Task prompt:
Since the listing below shows pictures, leave them out and write out exactly the lines from the line with "1937-p Buffalo Nickel 5c Grades GEM Unc." to the line with "Runde Wandbilder Schachfigur in", both included, and no others.

Data for processing:

---

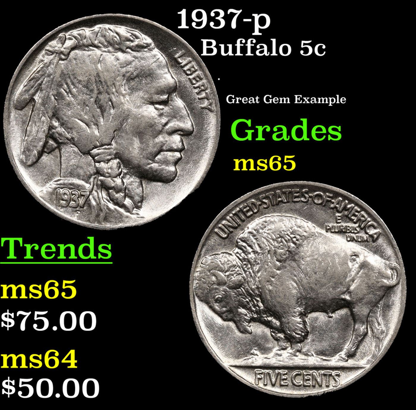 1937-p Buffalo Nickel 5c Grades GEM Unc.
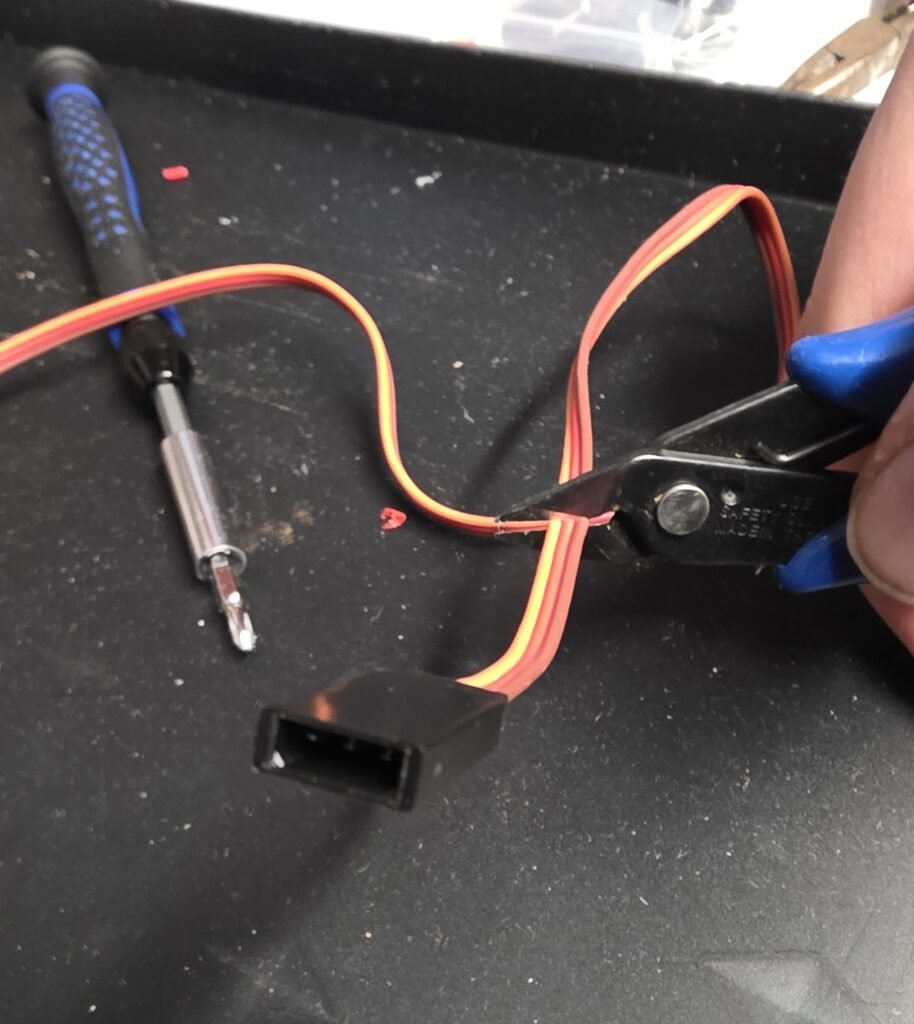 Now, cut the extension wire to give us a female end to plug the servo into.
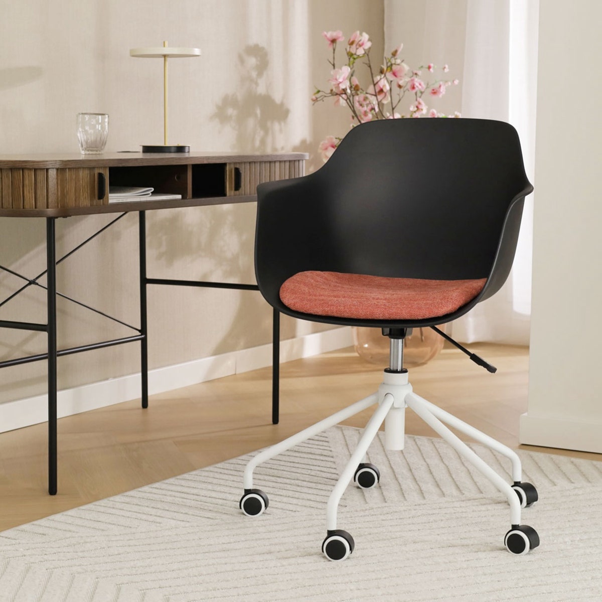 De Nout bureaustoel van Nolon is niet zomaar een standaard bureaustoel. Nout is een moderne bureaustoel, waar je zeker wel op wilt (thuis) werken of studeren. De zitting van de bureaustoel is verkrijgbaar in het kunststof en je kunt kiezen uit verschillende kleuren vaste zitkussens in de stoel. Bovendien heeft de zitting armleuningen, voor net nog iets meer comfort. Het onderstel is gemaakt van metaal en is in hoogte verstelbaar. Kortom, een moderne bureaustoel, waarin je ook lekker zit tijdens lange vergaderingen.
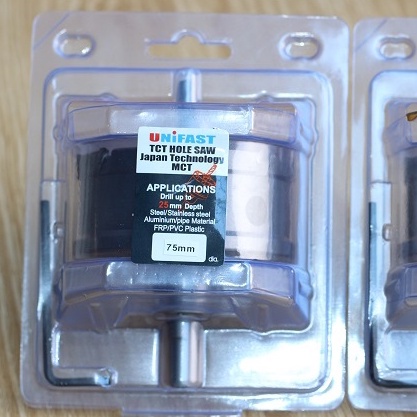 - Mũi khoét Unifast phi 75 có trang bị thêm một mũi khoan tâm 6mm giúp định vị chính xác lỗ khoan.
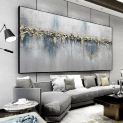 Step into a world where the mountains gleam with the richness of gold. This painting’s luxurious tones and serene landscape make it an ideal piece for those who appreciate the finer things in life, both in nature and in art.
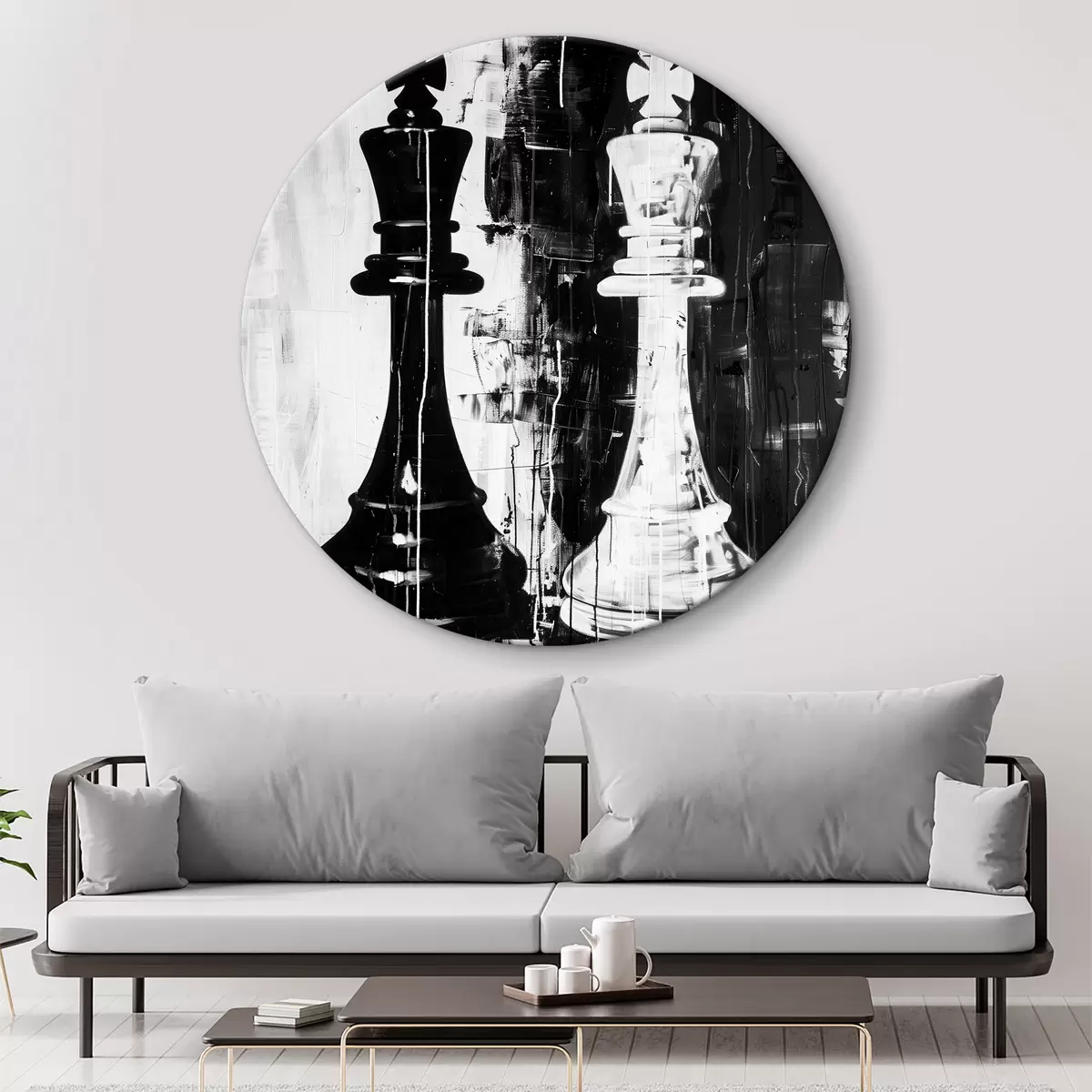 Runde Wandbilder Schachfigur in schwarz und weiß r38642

---

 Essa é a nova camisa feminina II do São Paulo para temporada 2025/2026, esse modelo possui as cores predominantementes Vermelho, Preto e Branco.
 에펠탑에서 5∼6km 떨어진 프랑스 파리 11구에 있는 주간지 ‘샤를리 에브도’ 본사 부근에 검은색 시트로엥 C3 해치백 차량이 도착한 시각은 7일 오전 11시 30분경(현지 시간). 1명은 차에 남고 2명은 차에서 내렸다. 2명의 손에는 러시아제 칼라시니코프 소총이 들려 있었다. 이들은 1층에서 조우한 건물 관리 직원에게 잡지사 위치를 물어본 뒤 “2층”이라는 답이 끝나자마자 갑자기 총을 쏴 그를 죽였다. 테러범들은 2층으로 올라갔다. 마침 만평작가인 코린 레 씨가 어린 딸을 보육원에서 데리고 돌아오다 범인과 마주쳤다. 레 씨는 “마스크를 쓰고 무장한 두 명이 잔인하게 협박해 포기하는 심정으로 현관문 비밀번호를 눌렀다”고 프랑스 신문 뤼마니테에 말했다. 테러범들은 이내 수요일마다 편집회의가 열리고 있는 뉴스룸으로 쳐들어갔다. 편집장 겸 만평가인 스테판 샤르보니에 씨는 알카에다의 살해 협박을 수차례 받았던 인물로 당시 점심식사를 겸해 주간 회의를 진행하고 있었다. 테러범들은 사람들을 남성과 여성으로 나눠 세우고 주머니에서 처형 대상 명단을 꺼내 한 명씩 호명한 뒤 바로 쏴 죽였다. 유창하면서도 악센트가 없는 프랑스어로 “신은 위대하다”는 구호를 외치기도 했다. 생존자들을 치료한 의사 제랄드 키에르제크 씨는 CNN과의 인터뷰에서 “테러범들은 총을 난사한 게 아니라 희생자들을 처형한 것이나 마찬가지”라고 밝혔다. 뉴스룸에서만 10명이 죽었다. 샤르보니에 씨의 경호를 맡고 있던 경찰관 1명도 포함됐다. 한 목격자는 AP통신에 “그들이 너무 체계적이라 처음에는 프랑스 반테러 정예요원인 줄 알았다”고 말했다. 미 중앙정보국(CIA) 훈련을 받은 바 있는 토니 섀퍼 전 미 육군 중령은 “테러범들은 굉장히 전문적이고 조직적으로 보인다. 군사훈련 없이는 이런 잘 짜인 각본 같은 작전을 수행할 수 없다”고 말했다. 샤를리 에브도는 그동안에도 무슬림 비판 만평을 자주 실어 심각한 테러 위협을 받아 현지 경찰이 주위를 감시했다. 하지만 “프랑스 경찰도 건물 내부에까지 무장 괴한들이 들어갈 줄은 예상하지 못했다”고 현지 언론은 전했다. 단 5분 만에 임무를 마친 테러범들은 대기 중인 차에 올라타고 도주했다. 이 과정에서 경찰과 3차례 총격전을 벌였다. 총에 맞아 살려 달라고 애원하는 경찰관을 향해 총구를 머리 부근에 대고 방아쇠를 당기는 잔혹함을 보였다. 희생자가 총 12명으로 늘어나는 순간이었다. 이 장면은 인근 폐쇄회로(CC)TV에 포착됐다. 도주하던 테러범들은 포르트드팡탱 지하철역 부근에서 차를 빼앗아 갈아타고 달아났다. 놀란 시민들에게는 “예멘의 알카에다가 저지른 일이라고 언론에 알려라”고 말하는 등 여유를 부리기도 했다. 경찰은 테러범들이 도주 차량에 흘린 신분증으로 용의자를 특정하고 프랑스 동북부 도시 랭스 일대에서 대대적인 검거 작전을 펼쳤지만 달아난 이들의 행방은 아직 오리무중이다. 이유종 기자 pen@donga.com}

---

Result for this exercise:
 1937-p Buffalo Nickel 5c Grades GEM Unc.
 Now, cut the extension wire to give us a female end to plug the servo into.
 De Nout bureaustoel van Nolon is niet zomaar een standaard bureaustoel. Nout is een moderne bureaustoel, waar je zeker wel op wilt (thuis) werken of studeren. De zitting van de bureaustoel is verkrijgbaar in het kunststof en je kunt kiezen uit verschillende kleuren vaste zitkussens in de stoel. Bovendien heeft de zitting armleuningen, voor net nog iets meer comfort. Het onderstel is gemaakt van metaal en is in hoogte verstelbaar. Kortom, een moderne bureaustoel, waarin je ook lekker zit tijdens lange vergaderingen.
 - Mũi khoét Unifast phi 75 có trang bị thêm một mũi khoan tâm 6mm giúp định vị chính xác lỗ khoan.
 Step into a world where the mountains gleam with the richness of gold. This painting’s luxurious tones and serene landscape make it an ideal piece for those who appreciate the finer things in life, both in nature and in art.
 Runde Wandbilder Schachfigur in schwarz und weiß r38642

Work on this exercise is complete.